Richard Sulík, minister gospodarki i lider partii Wolność i Solidarność (SaS), w poniedziałek postawił ultimatum premierowi Słowacji. Jeśli Igor Matovič, przywódca dominującej w koalicji partii Zwyczajni Ludzie i Niezależne Osobistości (OL’aNO), nie zrezygnuje ze stanowiska, SaS za tydzień w środę opuści rząd. Sulík jednocześnie zadeklarował gotowość do własnej dymisji, jeśli miałoby to ułatwić decyzję Matovičowi.
Żądanie dymisji premiera minister uzasadnił chaotycznym sposobem rządzenia. – Po pierwszym roku słowo „chaos” opisuje go najlepiej. Bałagan panuje w komunikacji, walce z koronawirusem, zarządzaniu planem odbudowy po pandemii. Rezultatem jest najwięcej hospitalizowanych i zgonów w Europie – tłumaczył Sulík. W marcu krocząca siedmiodniowa średnia nowych zachorowań znów przekracza 2000 przypadków dziennie, średnia liczba zgonów zbliżyła się do 100, a liczba aktywnych przypadków jest najwyższa od wybuchu pandemii i w poniedziałek przekroczyła 74 tys.

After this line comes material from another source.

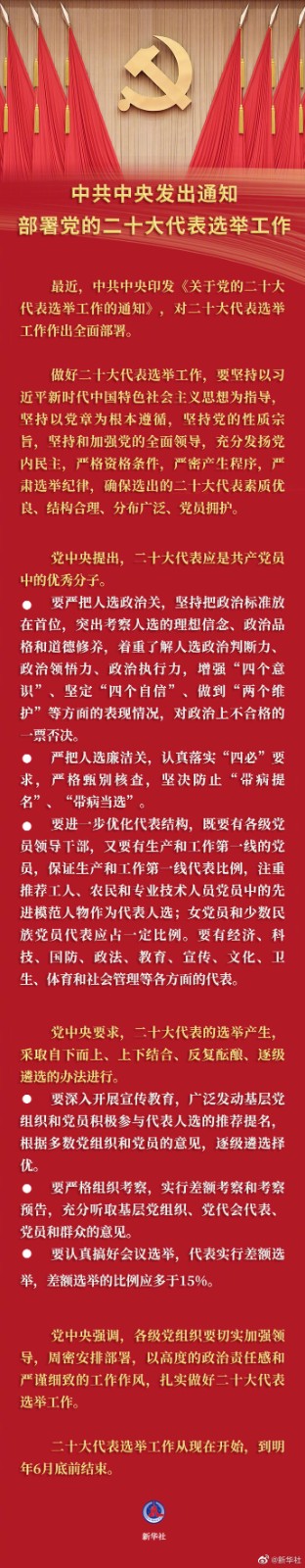 黨中央強調(diào),各級黨組織要切實加強領導,周密安排部署,以高度的政治責任感和嚴謹細致的工作作風,扎實做好二十大代表選舉工作。要嚴肅政治紀律、組織紀律和選舉紀律,充分運用湖南衡陽、四川南充、遼寧等地拉票賄選、破壞選舉案件,開展警示教育,汲取教訓,引以為戒。加強對代表選舉工作的全程監(jiān)督,對違規(guī)違紀違法問題“零容忍”,一經(jīng)發(fā)現(xiàn)堅決查處,確保風清氣正。要通過做好學習宣傳、組織動員、推薦提名、會議選舉、嚴肅紀律等各項工作,使代表選舉產(chǎn)生過程成為深入學習貫徹習近平新時代中國特色社會主義思想的過程,成為貫徹落實新時代黨的建設總要求和新時代黨的組織路線的過程,成為理想信念教育和黨性黨風黨紀黨史教育的過程,成為黨內(nèi)政治生活生動實踐和民主集中制教育的過程,進一步增強黨的創(chuàng)造力、凝聚力、戰(zhàn)斗力,動員廣大黨員、干部更加緊密地團結(jié)在以習近平同志為核心的黨中央周圍,不忘初心、牢記使命,攻堅克難、開拓奮進,為全面建設社會主義現(xiàn)代化國家、奪取新時代中國特色社會主義偉大勝利、實現(xiàn)中華民族偉大復興的中國夢作出新的更大貢獻。

Zdaniem Sulíka to OL’aNO powinni określić, kto zastąpi Matoviča na stanowisku premiera. Lider SaS chętnie widziałby w roli następcy szefa rządu obecnego ministra finansów Eduarda Hegera, który pod nieobecność Matoviča prowadził już posiedzenia gabinetu. Ultimatum poparł inny mniejszościowy partner koalicyjny, ugrupowanie Dla Ludzi. Jego liderka Veronika Remišová oświadczyła w poniedziałek, że jeśli Matovič nie zrezygnuje, także ona najpewniej opuści koalicję.
Rozłam nie oznaczałby automatycznie upadku rządu, ale uprawdopodobniłby taki scenariusz, ponieważ OL’aNO i czwarta partia Jesteśmy Rodziną (SR) mają łącznie jedynie 70 posłów w 150-osobowej Radzie Narodowej. Sulík i Remišová oficjalnie opowiadają się za uratowaniem gabinetu i sprzeciwiają się przyspieszonym wyborom parlamentarnym, zwłaszcza w czasie pandemii. Aby je zwołać, potrzebne byłoby 90 głosów. – Przedterminowe wybory są najgorszą opcją. Powrót do władzy Roberta Ficy i Petra Pellegriniego byłby katastrofą dla Słowacji – przekonywała Remišová, nawiązując do poprzedników Matoviča.
Posłowie OL’aNO na razie murem stoją za swoim liderem. Zdaniem deputowanego Kristiána Čekovskiego postulaty koalicjantów spełniła już 12 marca rezygnacja ministra zdrowia Marka Krajčíego. „Celem ruchu OL’aNO jest dotrzymanie obietnic wyborczych i deklaracji programowej rządu. OL’aNO są przeciwni przedterminowym wyborom, ponieważ z szacunkiem podchodzą do postulatów wyborców domagających się oczyszczenia Słowacji z korupcji i nadużyć władzy. Przedterminowe wybory doprowadziłyby do powrotu niesprawiedliwości i rządów mafii” – napisali w niedzielnym oświadczeniu przedstawiciele ugrupowania.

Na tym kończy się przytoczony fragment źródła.